Carlos Puga

Personal information
- Full name: Carlos Francisco Puga Medina
- Date of birth: 26 November 2000 (age 25)
- Place of birth: Albuñol, Spain
- Height: 1.75 m (5 ft 9 in)
- Position: Right-back

Team information
- Current team: Málaga
- Number: 3

Youth career
- Albuñol
- 2008–2011: La Mojonera
- 2011–2015: Granada
- 2015–2017: Almería
- 2017–2018: La Mojonera
- 2018–2019: Santa Fe

Senior career*
- Years: Team / Apps / (Gls)
- 2019–2020: Motril / 27 / (3)
- 2020–2021: Córdoba B / 22 / (0)
- 2021–2023: Córdoba / 60 / (0)
- 2023–2024: Atlético Madrid B / 13 / (0)
- 2024–: Málaga / 69 / (0)

= Carlos Puga =

Spanish association football player

Carlos Francisco Puga Medina (born 26 November 2000) is a Spanish professional footballer who plays for Málaga CF. Mainly a right-back, he can also play as a right winger.

==Career==
Born in Albuñol, Granada, Andalusia, Puga represented AD Albuñol and La Mojonera CF before joining Granada CF's youth setup in 2011. He moved to UD Almería in 2015 before returning to La Mojonera in 2017, and finished his formation with CD Santa Fe.

In 2019, Puga signed for Tercera División side CF Motril.
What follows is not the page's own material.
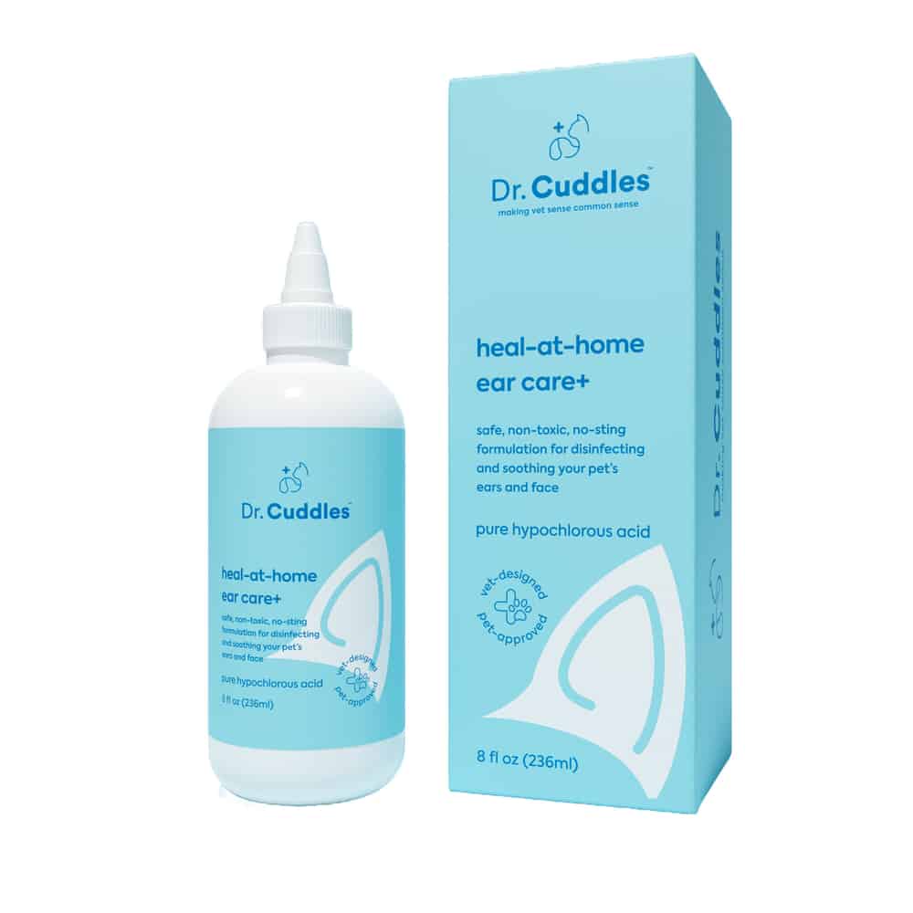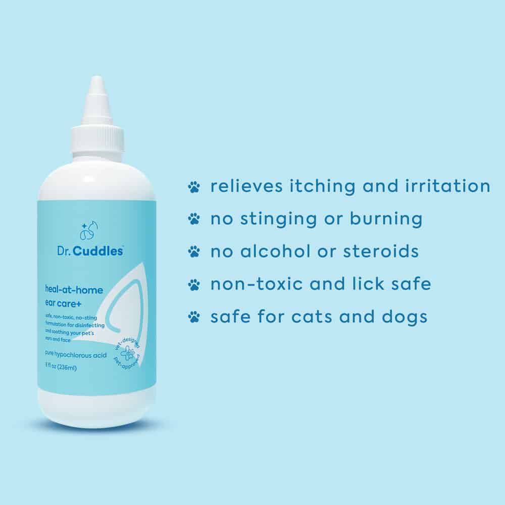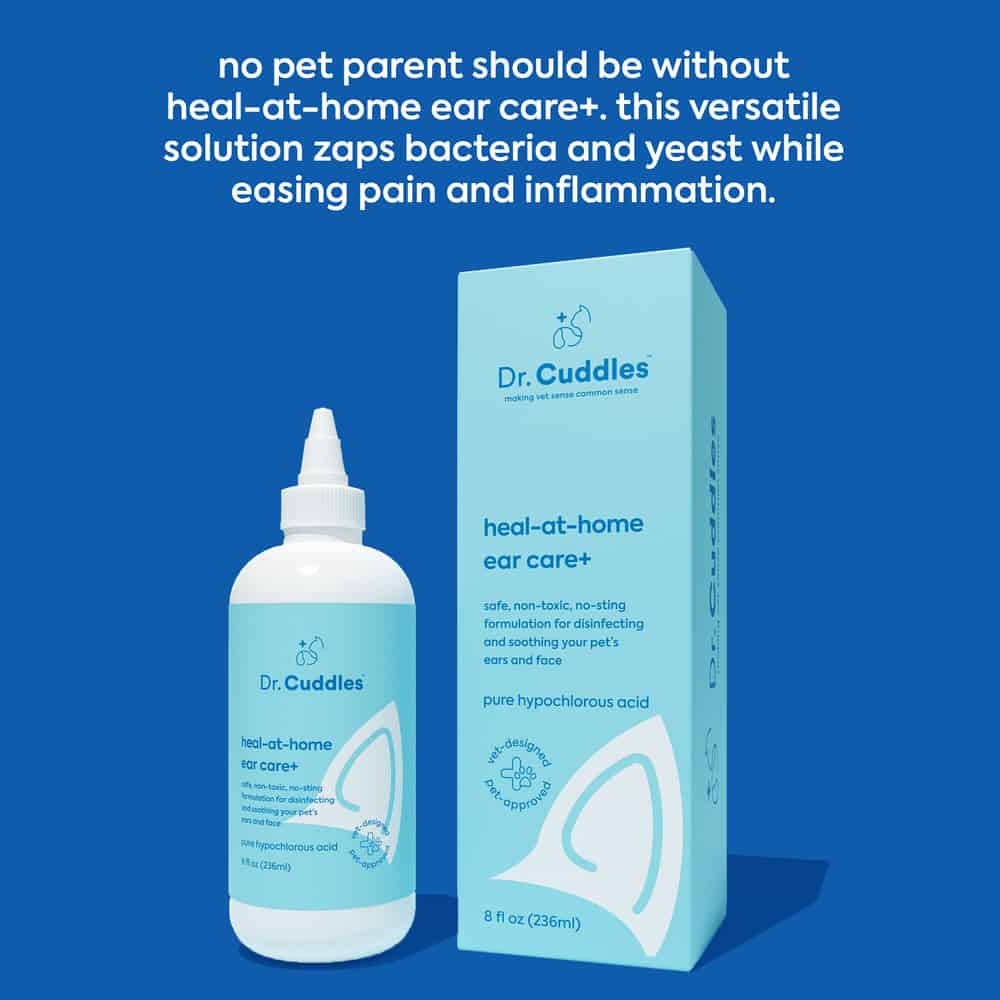 Whether your pet is going face first into the dirt or paw first into the pool, Dr. Cuddle's Heal-at-home ear care+ is the perfect solution for keeping your pet’s ears squeaky clean.
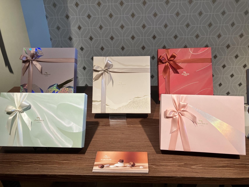 因為近期收過朋友這家的喜餅,在開始看喜餅前已經覺得這間贏面很大所以放在最後一天,這間主打巧克力,現場也有賣好吃的生巧克力和布朗尼喔,看完之後直接帶了一盒回家吃。禮盒的配色都很溫柔,現場看會發現有一些閃亮的燙金或反光,覺得比看照片還更漂亮喔!好吃的部分不用說,就是巧克力!我都想選一整盒全部都是巧克力的禮盒了~最喜歡的是現場也有販售的經典巧克力布朗尼:做成一口大小的小球超可愛,巧克力的比例高到用嘴巴輕輕一壓像是吃到整顆固體巧克力一樣,香氣的部分更是不用說,濃郁但不會覺得苦,要不是買了生巧克力的話也想帶一罐回家吃;費南雪古典蛋糕:偏薄的蛋糕體中間放了一層巧克力醬,濕潤的杏仁蛋糕加上中間的香檳可可超級搭的,會想重複選兩塊的厲害蛋糕;黑芝麻白巧克力馬卡龍:藍色的外殼超美的!芝麻內餡香氣濃郁像是吃到好吃的之湯圓,超級甜但吃完還會想再吃一顆。這家稍微遺憾的部分是有固定的必選餅乾我比較吃不懂,茶香不明顯但充滿奶香的茶餅乾以及沒吃到但介紹主打伯爵茶香的巧克力餅乾讓我有點困惑,扣掉必選的部分能挑選的餅乾數量就比叫受限。

He made his senior debut on 25 August, in a 2–0 away win over Loja CD, and scored his first goal on 8 September, netting his team's third in a 3–1 win at Melilla CD.

On 5 October 2020, Puga moved to Córdoba CF and was initially assigned to the reserves also in the fourth division. The following 1 July, after already making his first team debut in Segunda División B, he renewed his contract until 2023 and was definitely assigned to the main squad now in Segunda División RFEF.

On 1 August 2023, Puga agreed to a two-year deal with another reserve team, Atlético Madrid B in Primera Federación. He terminated his link with the Colchoneros on 1 February of the following year, and signed for fellow league team Málaga CF just hours later.

On 4 July 2024, after helping the Blanquiazules in their promotion to Segunda División, Puga renewed his contract until 2026. He made his professional debut on 24 August, starting in a 1–1 home draw against CD Mirandés.

Puga subsequently established himself as a first-choice, and further extended his link until 2029 on 23 January 2026. He made his La Liga debut on 19 August, starting in a 2–0 away loss to former side Atlético Madrid.